Conference: CVPR 2026 arXiv: 2509.22652 Code: https://eronguyen.github.io/DAWN/ Area: Multimodal VLM / Robot Control Keywords: Pixel motion diffusion, vision-language-action, robot manipulation, two-stage diffusion, optical flow representation

TL;DR¶

This paper proposes DAWN, a two-stage fully diffusion-based vision-language-action framework. A Motion Director (latent diffusion model) generates dense pixel motion fields as interpretable intermediate representations, while an Action Expert (diffusion Transformer policy) translates pixel motion into executable robot actions.
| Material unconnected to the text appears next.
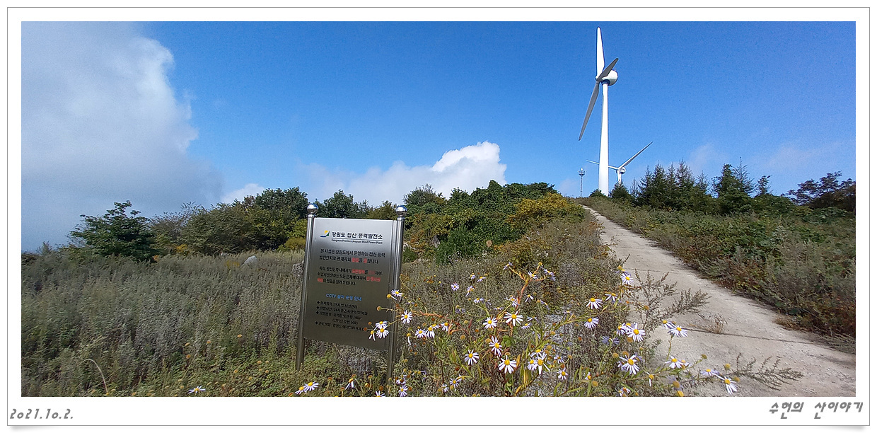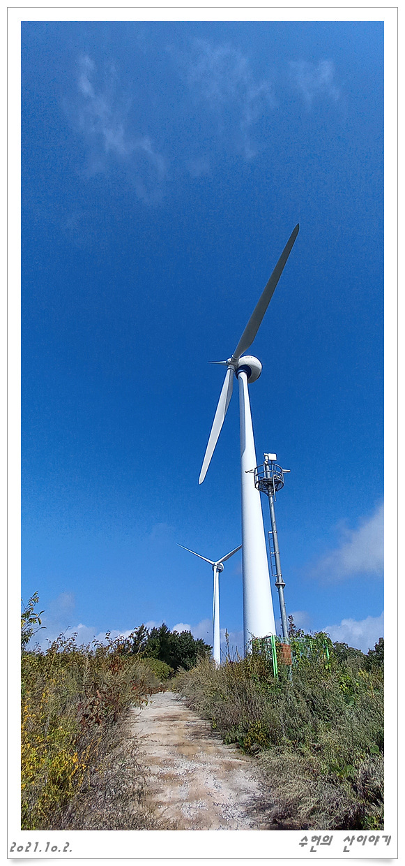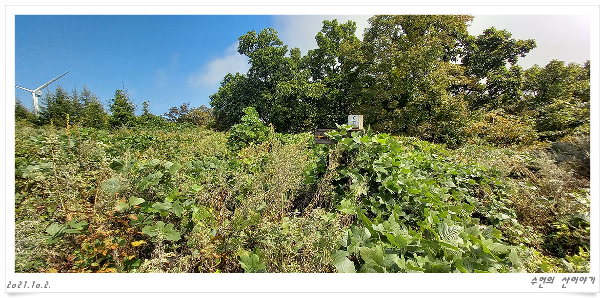 접산 정상은 오래된 정상목 기둥만 남은 특징없는 봉우리이고 곧이어 잡목을 잠시 헤치면 접산 풍력단지에 도착한다.

DAWN achieves state-of-the-art performance on the CALVIN benchmark (average length 4.00) and demonstrates strong generalization on real-world single-arm and dual-arm manipulation tasks.

Background & Motivation¶

While VLA (Vision-Language-Action) models have achieved notable progress, most directly map visual observations to actions without explicit modeling of motion intent. Some approaches employ video prediction as an intermediate step, but operating in RGB space increases learning difficulty. Pixel trajectories have proven effective as motion representations; however, existing methods rely on sparse pixel tracking or indirectly extract motion from generated videos—neither of which is as concise or efficient as directly predicting dense pixel motion fields.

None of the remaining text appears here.